SOURCE MATERIAL:
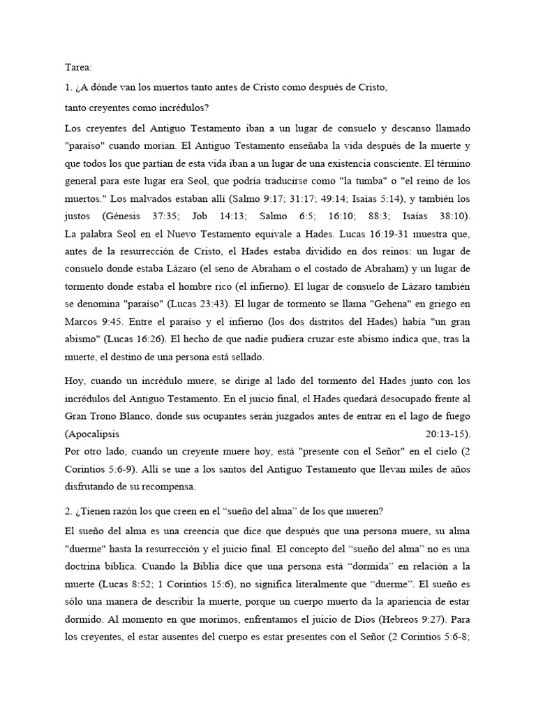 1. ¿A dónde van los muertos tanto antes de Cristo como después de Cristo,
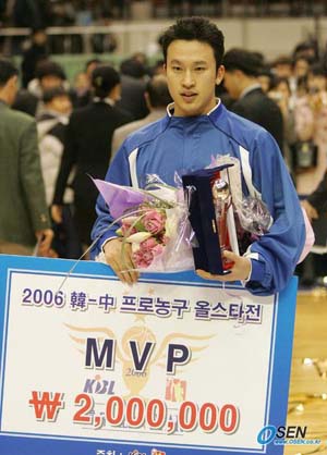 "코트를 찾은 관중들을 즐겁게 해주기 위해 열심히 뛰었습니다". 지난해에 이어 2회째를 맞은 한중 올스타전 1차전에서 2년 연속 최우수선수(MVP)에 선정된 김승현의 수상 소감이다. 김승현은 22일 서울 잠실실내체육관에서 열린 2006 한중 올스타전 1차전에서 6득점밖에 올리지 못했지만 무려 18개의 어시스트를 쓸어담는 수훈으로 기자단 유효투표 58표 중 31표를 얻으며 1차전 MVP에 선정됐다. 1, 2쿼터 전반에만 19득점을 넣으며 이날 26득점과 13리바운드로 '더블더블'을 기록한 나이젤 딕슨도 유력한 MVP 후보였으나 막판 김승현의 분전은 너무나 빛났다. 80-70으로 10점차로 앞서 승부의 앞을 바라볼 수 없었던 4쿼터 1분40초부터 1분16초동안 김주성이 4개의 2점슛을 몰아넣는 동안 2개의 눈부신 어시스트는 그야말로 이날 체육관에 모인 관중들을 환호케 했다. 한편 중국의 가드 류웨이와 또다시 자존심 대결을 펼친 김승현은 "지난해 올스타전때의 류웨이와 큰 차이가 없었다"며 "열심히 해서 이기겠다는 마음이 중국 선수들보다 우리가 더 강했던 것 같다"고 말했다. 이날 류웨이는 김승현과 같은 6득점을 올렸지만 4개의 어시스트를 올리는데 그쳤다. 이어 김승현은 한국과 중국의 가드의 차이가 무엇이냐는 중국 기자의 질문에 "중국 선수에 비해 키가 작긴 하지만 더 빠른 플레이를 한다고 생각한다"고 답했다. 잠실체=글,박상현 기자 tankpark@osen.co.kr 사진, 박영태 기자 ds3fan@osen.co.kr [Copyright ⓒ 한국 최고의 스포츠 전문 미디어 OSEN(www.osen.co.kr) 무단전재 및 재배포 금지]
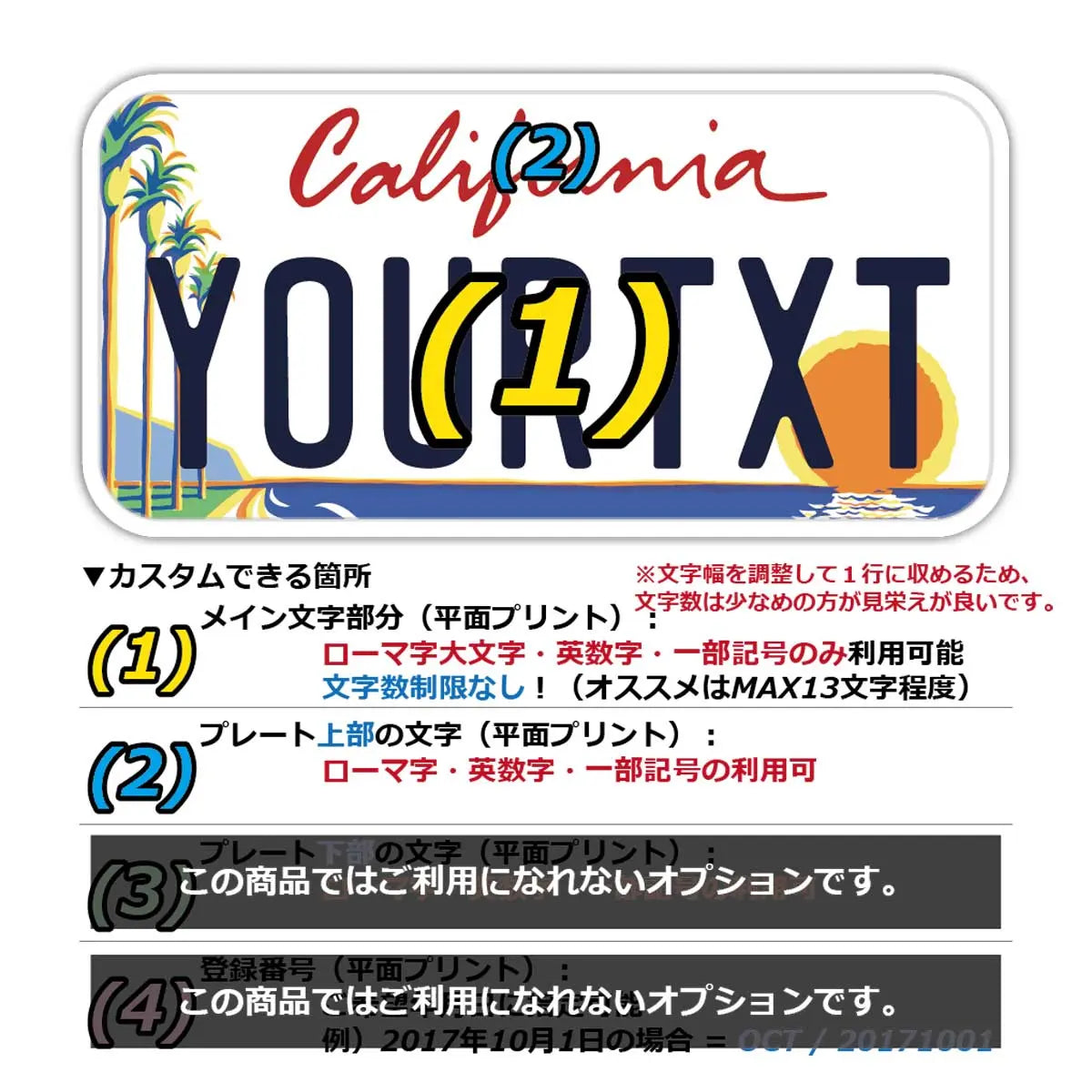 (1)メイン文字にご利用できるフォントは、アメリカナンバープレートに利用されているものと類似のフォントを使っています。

WORK INSTRUCTIONS:
Would you return the whole listing exactly, without the pictures?

ANSWER:
 1. ¿A dónde van los muertos tanto antes de Cristo como después de Cristo,
 "코트를 찾은 관중들을 즐겁게 해주기 위해 열심히 뛰었습니다". 지난해에 이어 2회째를 맞은 한중 올스타전 1차전에서 2년 연속 최우수선수(MVP)에 선정된 김승현의 수상 소감이다. 김승현은 22일 서울 잠실실내체육관에서 열린 2006 한중 올스타전 1차전에서 6득점밖에 올리지 못했지만 무려 18개의 어시스트를 쓸어담는 수훈으로 기자단 유효투표 58표 중 31표를 얻으며 1차전 MVP에 선정됐다. 1, 2쿼터 전반에만 19득점을 넣으며 이날 26득점과 13리바운드로 '더블더블'을 기록한 나이젤 딕슨도 유력한 MVP 후보였으나 막판 김승현의 분전은 너무나 빛났다. 80-70으로 10점차로 앞서 승부의 앞을 바라볼 수 없었던 4쿼터 1분40초부터 1분16초동안 김주성이 4개의 2점슛을 몰아넣는 동안 2개의 눈부신 어시스트는 그야말로 이날 체육관에 모인 관중들을 환호케 했다. 한편 중국의 가드 류웨이와 또다시 자존심 대결을 펼친 김승현은 "지난해 올스타전때의 류웨이와 큰 차이가 없었다"며 "열심히 해서 이기겠다는 마음이 중국 선수들보다 우리가 더 강했던 것 같다"고 말했다. 이날 류웨이는 김승현과 같은 6득점을 올렸지만 4개의 어시스트를 올리는데 그쳤다. 이어 김승현은 한국과 중국의 가드의 차이가 무엇이냐는 중국 기자의 질문에 "중국 선수에 비해 키가 작긴 하지만 더 빠른 플레이를 한다고 생각한다"고 답했다. 잠실체=글,박상현 기자 tankpark@osen.co.kr 사진, 박영태 기자 ds3fan@osen.co.kr [Copyright ⓒ 한국 최고의 스포츠 전문 미디어 OSEN(www.osen.co.kr) 무단전재 및 재배포 금지]
 (1)メイン文字にご利用できるフォントは、アメリカナンバープレートに利用されているものと類似のフォントを使っています。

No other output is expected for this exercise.